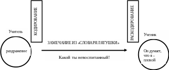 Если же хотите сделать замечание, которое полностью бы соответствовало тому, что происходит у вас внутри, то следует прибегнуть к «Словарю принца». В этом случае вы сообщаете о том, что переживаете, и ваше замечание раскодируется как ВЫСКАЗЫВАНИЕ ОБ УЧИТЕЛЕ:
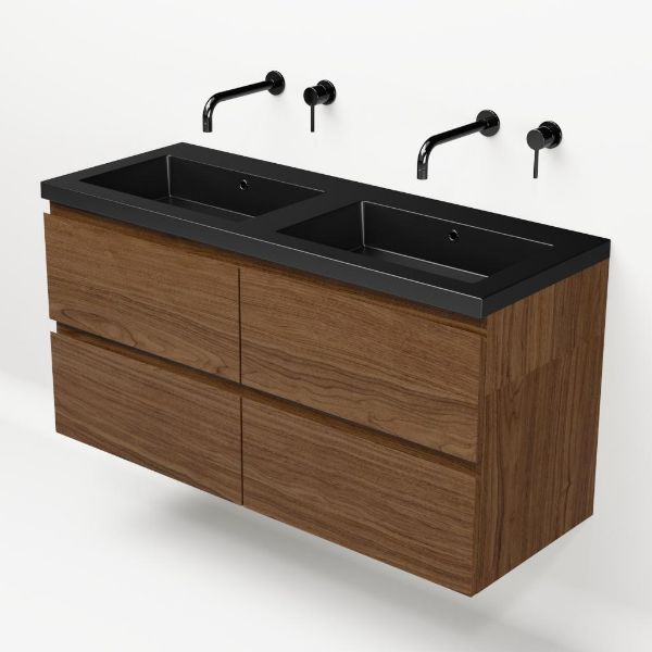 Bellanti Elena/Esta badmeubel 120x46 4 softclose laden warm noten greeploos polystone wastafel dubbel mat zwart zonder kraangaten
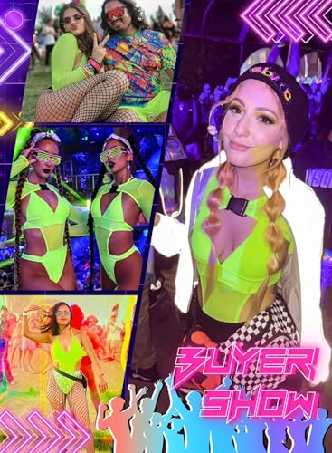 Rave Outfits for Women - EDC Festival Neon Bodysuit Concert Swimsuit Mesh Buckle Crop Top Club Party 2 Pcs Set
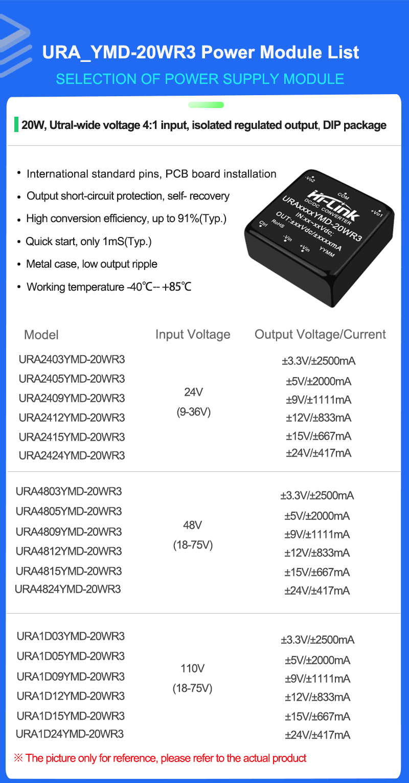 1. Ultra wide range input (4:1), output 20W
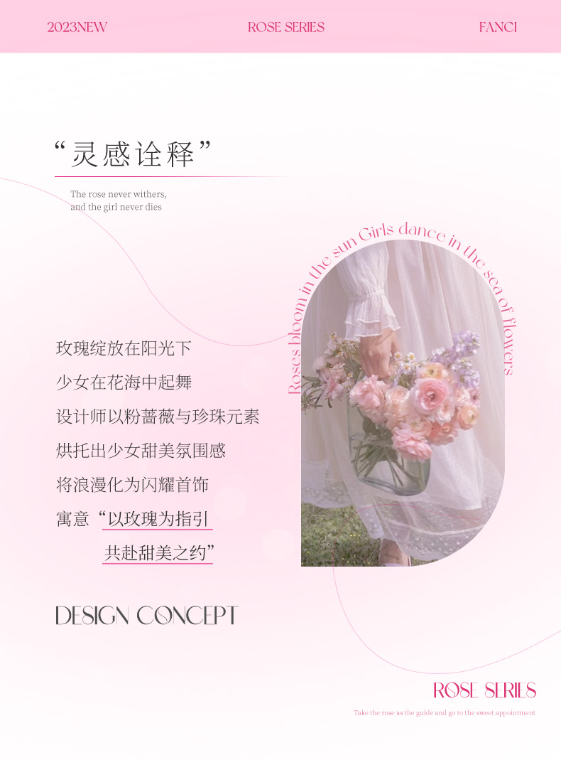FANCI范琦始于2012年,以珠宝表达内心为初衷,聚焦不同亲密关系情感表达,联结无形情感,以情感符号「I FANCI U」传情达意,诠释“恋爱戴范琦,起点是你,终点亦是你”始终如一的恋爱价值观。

Task brief:
Without any pictures, return the material above exactly.

Answer to this task:
 Если же хотите сделать замечание, которое полностью бы соответствовало тому, что происходит у вас внутри, то следует прибегнуть к «Словарю принца». В этом случае вы сообщаете о том, что переживаете, и ваше замечание раскодируется как ВЫСКАЗЫВАНИЕ ОБ УЧИТЕЛЕ:
 Bellanti Elena/Esta badmeubel 120x46 4 softclose laden warm noten greeploos polystone wastafel dubbel mat zwart zonder kraangaten
 Rave Outfits for Women - EDC Festival Neon Bodysuit Concert Swimsuit Mesh Buckle Crop Top Club Party 2 Pcs Set
 1. Ultra wide range input (4:1), output 20W
FANCI范琦始于2012年,以珠宝表达内心为初衷,聚焦不同亲密关系情感表达,联结无形情感,以情感符号「I FANCI U」传情达意,诠释“恋爱戴范琦,起点是你,终点亦是你”始终如一的恋爱价值观。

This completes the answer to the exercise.